Search code examples
apache-sparkclojureapache-spark-sqlflambo

Clojure - No matching method found for select method in DataFrame when using Flambo


I'm using Flambo to work with Spark. I want to retrieve a DataFrame which contains given column names. I wrote a simple function as follows:

(defn make-dataset
  ([data-path column-names and-another]
    (let [data (sql/read-csv sql-context data-path)
      cols (map #(.col data %) column-names)]
      (.select data (Column. "C0")))))

I get the following exception when i execute it.

IllegalArgumentException No matching method found: select for class org.apache.spark.sql.DataFrame clojure.lang.Reflector.invokeMatchingMethod (Reflector.java:80)

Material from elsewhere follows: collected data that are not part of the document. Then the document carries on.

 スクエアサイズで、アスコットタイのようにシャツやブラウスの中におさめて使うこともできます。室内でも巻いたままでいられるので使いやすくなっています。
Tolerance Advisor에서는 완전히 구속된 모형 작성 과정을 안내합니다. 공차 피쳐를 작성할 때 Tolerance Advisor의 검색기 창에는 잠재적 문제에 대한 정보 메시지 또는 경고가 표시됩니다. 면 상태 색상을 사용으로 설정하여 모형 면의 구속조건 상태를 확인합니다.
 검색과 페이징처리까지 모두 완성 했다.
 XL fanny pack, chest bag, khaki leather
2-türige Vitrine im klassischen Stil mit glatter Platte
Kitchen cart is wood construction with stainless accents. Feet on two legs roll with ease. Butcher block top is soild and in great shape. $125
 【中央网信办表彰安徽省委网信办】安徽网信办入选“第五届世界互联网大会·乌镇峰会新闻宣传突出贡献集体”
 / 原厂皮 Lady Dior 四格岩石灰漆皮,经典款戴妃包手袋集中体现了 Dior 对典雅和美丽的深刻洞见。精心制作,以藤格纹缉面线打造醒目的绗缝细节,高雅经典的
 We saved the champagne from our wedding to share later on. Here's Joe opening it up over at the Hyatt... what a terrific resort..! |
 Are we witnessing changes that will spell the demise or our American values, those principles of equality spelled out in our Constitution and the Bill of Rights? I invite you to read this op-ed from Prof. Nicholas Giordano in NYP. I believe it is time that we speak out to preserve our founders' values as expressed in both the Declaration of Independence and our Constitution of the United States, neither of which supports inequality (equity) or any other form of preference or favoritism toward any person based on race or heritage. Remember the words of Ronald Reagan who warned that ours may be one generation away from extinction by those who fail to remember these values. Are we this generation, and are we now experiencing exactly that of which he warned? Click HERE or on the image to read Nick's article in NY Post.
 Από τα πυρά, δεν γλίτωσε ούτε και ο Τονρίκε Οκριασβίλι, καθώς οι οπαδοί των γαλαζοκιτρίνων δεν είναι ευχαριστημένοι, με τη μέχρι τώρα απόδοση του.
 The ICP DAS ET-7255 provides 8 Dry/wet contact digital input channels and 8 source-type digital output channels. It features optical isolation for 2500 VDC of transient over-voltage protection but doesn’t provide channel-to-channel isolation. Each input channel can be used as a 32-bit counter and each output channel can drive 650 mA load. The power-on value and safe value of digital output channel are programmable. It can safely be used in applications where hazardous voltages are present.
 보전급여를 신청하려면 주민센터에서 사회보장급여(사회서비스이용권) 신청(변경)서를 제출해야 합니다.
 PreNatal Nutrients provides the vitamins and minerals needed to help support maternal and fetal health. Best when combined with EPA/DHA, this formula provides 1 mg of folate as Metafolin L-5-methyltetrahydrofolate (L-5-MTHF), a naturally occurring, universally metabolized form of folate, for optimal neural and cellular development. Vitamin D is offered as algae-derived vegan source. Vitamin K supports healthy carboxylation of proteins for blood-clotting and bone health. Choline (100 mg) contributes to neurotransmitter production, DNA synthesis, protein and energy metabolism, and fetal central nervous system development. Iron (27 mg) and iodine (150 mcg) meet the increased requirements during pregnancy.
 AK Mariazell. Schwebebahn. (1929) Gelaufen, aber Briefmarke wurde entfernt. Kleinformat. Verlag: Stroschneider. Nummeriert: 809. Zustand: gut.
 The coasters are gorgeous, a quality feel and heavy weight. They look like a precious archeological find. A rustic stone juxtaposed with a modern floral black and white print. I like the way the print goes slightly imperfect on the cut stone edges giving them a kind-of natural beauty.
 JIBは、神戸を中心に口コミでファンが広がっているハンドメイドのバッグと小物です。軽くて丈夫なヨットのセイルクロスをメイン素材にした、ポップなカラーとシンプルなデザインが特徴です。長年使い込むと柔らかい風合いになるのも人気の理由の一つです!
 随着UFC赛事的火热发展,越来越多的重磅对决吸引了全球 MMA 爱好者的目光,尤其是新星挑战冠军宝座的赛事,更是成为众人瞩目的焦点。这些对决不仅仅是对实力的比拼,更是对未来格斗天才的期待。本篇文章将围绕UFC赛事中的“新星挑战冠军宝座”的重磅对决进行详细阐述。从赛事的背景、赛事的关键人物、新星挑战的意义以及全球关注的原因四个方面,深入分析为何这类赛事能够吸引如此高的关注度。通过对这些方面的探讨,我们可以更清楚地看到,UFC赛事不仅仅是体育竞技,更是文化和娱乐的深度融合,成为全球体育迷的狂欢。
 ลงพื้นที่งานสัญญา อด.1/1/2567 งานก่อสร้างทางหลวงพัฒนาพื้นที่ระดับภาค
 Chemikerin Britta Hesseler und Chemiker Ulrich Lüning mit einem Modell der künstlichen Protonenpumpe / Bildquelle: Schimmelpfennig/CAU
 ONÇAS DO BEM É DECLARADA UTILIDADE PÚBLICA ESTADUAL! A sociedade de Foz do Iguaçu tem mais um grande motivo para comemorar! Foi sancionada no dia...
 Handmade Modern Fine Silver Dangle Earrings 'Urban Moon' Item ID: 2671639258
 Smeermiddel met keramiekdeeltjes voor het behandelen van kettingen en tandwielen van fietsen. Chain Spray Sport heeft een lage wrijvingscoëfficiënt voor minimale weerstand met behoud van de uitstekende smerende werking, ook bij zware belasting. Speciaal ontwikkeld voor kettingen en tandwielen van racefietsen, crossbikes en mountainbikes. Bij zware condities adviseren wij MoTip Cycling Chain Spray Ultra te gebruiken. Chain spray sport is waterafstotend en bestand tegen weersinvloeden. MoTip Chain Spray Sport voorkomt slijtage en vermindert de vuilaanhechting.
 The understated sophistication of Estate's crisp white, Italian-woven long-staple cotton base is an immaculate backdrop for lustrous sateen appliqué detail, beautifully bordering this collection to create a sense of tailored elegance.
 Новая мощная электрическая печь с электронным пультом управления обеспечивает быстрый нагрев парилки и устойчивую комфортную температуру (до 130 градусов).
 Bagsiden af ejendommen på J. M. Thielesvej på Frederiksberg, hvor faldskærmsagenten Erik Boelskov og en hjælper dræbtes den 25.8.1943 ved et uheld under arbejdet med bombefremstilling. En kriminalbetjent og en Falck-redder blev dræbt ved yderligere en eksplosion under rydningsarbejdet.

What am i doing wrong? Why col. works whereas select. doesn't when both of them are available from the same Class? Please help me if i am wrong?


Solution

  • DataFrame.select you are trying to call has following signature:

    def select(cols: Column*): DataFrame
    

    As you can see it accepts a vararg of Column whereas you provide it a single, bare Column value which doesn't match the signature, thus the exception. Scala's varargs are wrapped in scala.collection.Seq. You can wrap your column(s) into something that implements Seq using following code:

    (scala.collection.JavaConversions/asScalaBuffer [(Column. "C0")])